__What to produce__. Write out all the entries word for word, but skip any images.

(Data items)
◇ ◇ ◇ ◇ ◇ ◇ ◇

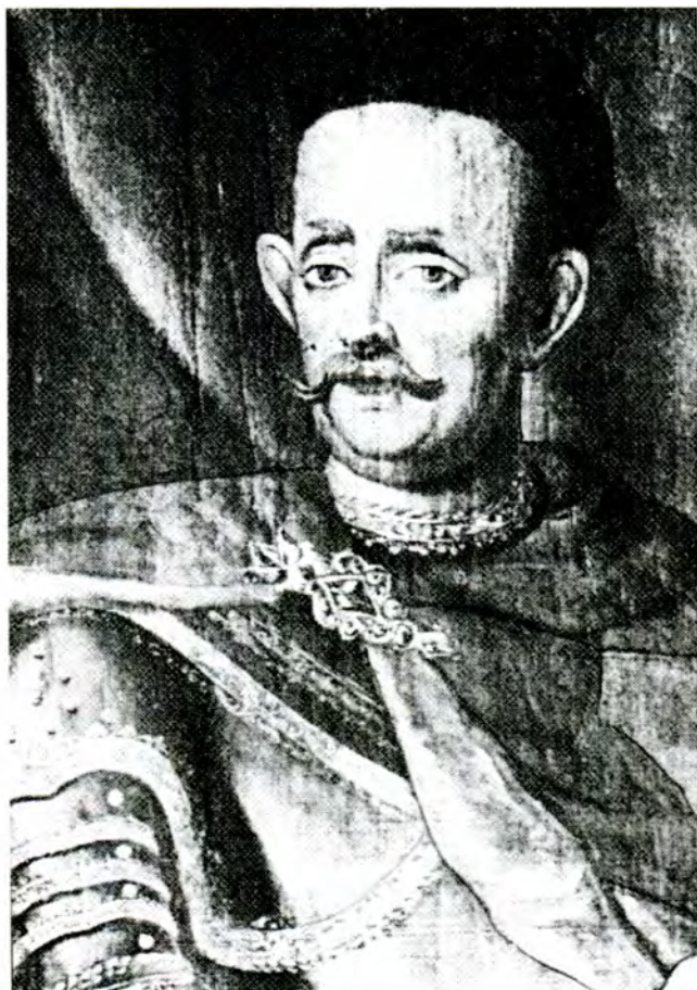
Гетьман Іван Мазепа 1687-1709 років.
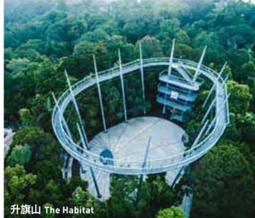
升旗山 The Habitat

Waterplay水上樂園是ESCAPE世外逃園裡最新的熱門玩點。該樂園致力透過大自然環境促進家庭間的親子樂，如今大家可體驗好玩的親子水上活動。水上樂園佔地面積為4.5公頃，園區內設有超過20種遊樂設施，其中部分更是業內首次推出的水上設施，期待值絕對滿分。
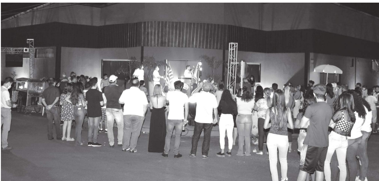
Público prestigiou solenidade inaugural e se encantou com a nova roupagem do CIEB – Centro Integrado de Educação Básica que além do cinema com anfiteatro terá, em breve, uma cafeteria permanente.

Para a instalação da sala de cinema o CIEB foi totalmente reformado pela atual administração, que também adquiriu um projetor de alta tecnologia para garantir a qualidade das sessões de cinema, que respeitam todos os protocolos sanitários contra a Covid.
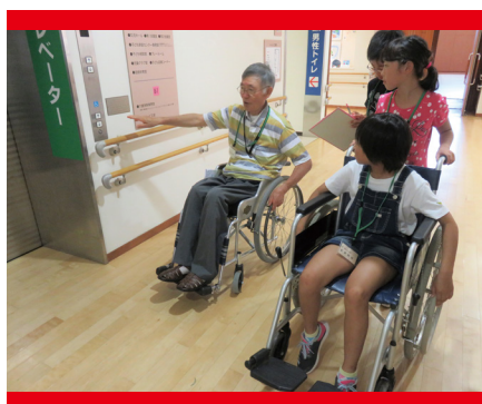
【市町社会福祉協議会を通じた福祉教育事業など】

◇ ◇ ◇ ◇ ◇ ◇ ◇

__Problem solution__.
Гетьман Іван Мазепа 1687-1709 років.
升旗山 The Habitat

Waterplay水上樂園是ESCAPE世外逃園裡最新的熱門玩點。該樂園致力透過大自然環境促進家庭間的親子樂，如今大家可體驗好玩的親子水上活動。水上樂園佔地面積為4.5公頃，園區內設有超過20種遊樂設施，其中部分更是業內首次推出的水上設施，期待值絕對滿分。
Público prestigiou solenidade inaugural e se encantou com a nova roupagem do CIEB – Centro Integrado de Educação Básica que além do cinema com anfiteatro terá, em breve, uma cafeteria permanente.

Para a instalação da sala de cinema o CIEB foi totalmente reformado pela atual administração, que também adquiriu um projetor de alta tecnologia para garantir a qualidade das sessões de cinema, que respeitam todos os protocolos sanitários contra a Covid.
【市町社会福祉協議会を通じた福祉教育事業など】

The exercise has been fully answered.